**THE PROBLEM**
The full listing, word for word and free of images, is the expected result.

**THE DATA**

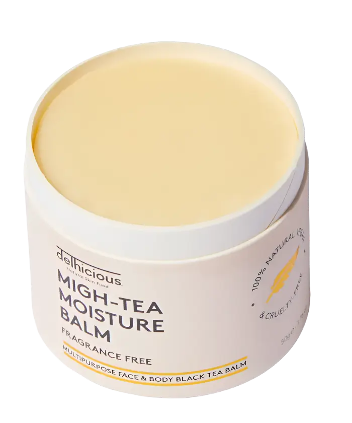 The Delhicious Migh-Tea Moisturise Multipurpose Balm Fragrance Free is specially developed for the most sensitive skin. This fragrance-free version of the award-winning balm offers immediate and long-lasting relief for dry, tight skin – ideal for both face and body. Caffeine from black Assam tea helps soothe redness and irritation effectively. The balm melts beautifully into the skin, leaving it soft, supple and nourished.
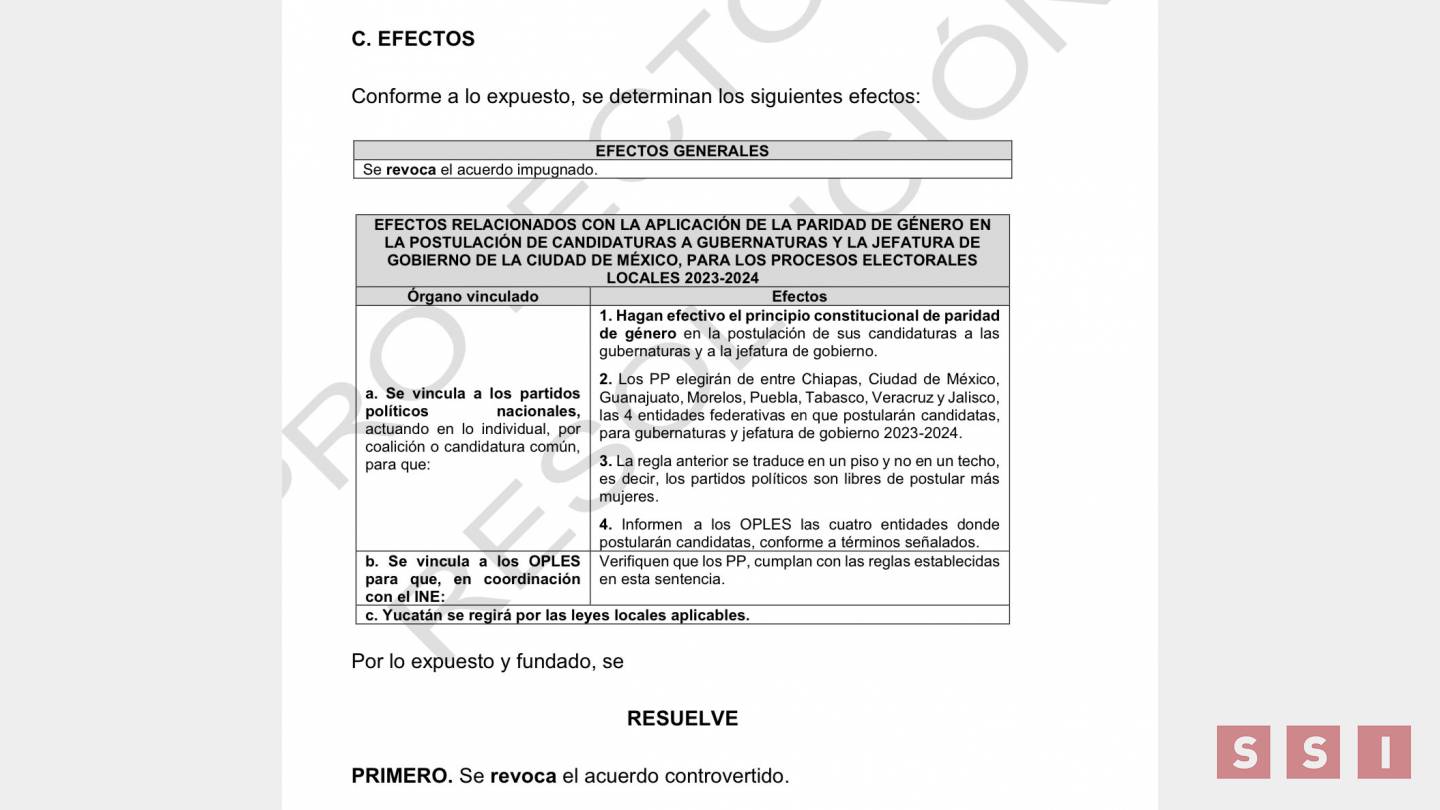 El Tribunal Electoral del Poder Judicial de la Federación, podría revocar el acuerdo del Consejo General del Instituto Nacional Electoral, INE /CG569/2023 de paridad en las gubernaturas, es decir los partidos políticos, solo elegirían a 4 mujeres.
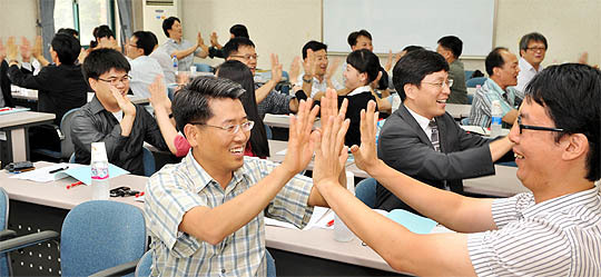 29일 전북대 교수·학습개발센터가 마련한 '유머교수법-유머로 유혹하라' 특강에서 수강생들이 손뼉을 서로 치며 수업을 진행하고 있다. 안봉주(bjahn@jjan.kr)
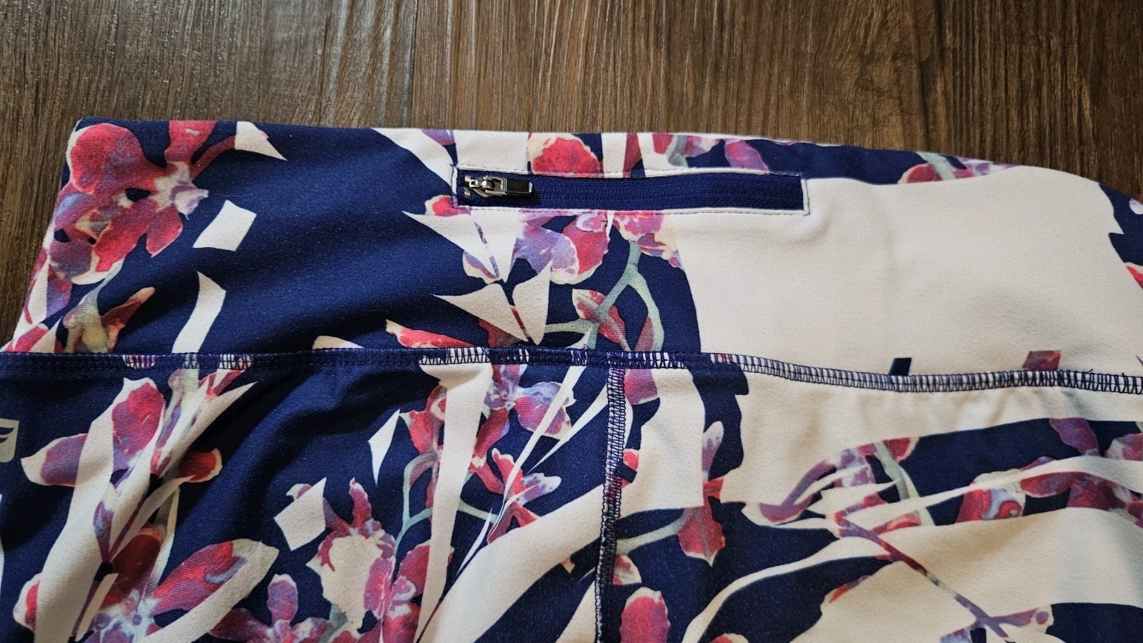 Elevate your workout wardrobe with these vibrant Fabletics Capri Leggings in a small size, featuring a beautiful floral pattern that will add a pop of color to your exercise ensemble. The blend of polyester and elastane materials ensures a comfortable stretch fit, allowing you full range of motion whether you're yoga stretching or jogging on the treadmill. With a convenient zip pocket, these leggings are not only stylish but also practical, keeping your small essentials secure during your fitness routine. The 20-inch inseam is perfect for a capri length, offering a cool and comfortable experience for your legs, which is great for gym training or any active pursuits.

**WORKED SOLUTION**
 The Delhicious Migh-Tea Moisturise Multipurpose Balm Fragrance Free is specially developed for the most sensitive skin. This fragrance-free version of the award-winning balm offers immediate and long-lasting relief for dry, tight skin – ideal for both face and body. Caffeine from black Assam tea helps soothe redness and irritation effectively. The balm melts beautifully into the skin, leaving it soft, supple and nourished.
 El Tribunal Electoral del Poder Judicial de la Federación, podría revocar el acuerdo del Consejo General del Instituto Nacional Electoral, INE /CG569/2023 de paridad en las gubernaturas, es decir los partidos políticos, solo elegirían a 4 mujeres.
 29일 전북대 교수·학습개발센터가 마련한 '유머교수법-유머로 유혹하라' 특강에서 수강생들이 손뼉을 서로 치며 수업을 진행하고 있다. 안봉주(bjahn@jjan.kr)
 Elevate your workout wardrobe with these vibrant Fabletics Capri Leggings in a small size, featuring a beautiful floral pattern that will add a pop of color to your exercise ensemble. The blend of polyester and elastane materials ensures a comfortable stretch fit, allowing you full range of motion whether you're yoga stretching or jogging on the treadmill. With a convenient zip pocket, these leggings are not only stylish but also practical, keeping your small essentials secure during your fitness routine. The 20-inch inseam is perfect for a capri length, offering a cool and comfortable experience for your legs, which is great for gym training or any active pursuits.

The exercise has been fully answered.